The raw data was then transformed into standardized values to assist with future research uses. This includes standardizing gender into two deidentified values of “0” or “1” (Null was used for missing gender data), bucketing patient ages at the time when the culture was taken into age ranges such as 18-24, 25-34, etc., and standardizing medication names into generic names for consistency. Additionally, susceptibility results have been standardized to values of “susceptible”, “intermediate”, “resistant”, “synergism”, and “inconclusive” to account for the various reporting means from different laboratories. Culture positivity was also standardized to a binary indicator of “0” or “1” based on the inclusion of susceptibility results for positive cultures. In addition, we accounted for patients with an active infection that might have multiple cultures taken in a short time period by excluding patients with prior microbiological cultures within the two weeks before the encounter.
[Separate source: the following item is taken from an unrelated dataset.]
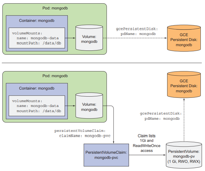 위 그림은 pod가 GCE Persistent Disk를 사용하는 두 가지 방법(직접 연결과 Claim을 통한 연결)
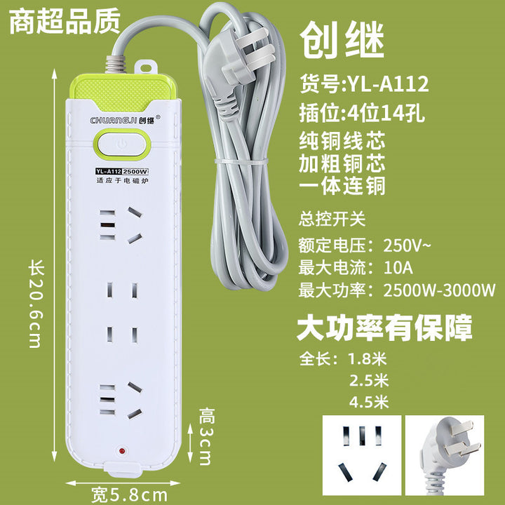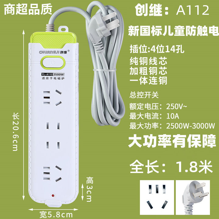 Intelligent power strip switch plug-in board 14 holes new national standard high-power induction cooker suitable for wholesale with wire socket safety

Deidentification was completed according to Safe Harbor regulations. All patient identifiers were either not included or were anonymized. Examples of this include the anonymization of patient identification numbers such as patient ID numbers, encounter ID numbers, and culture order ID numbers through a randomization process for each while keeping continuity between all individual patient records. While patient zip codes were used to identify values for the area deprivation index, they were removed prior to the final data set. As mentioned previously, patient ages were aggregated into age ranges and gender has been concealed with either “0”, “1”, or “Null”. All date and time information has been shifted with a randomly assigned offset for each patient. This allows for consistent offset values while still being able to account for possible temporal relationships within the dataset.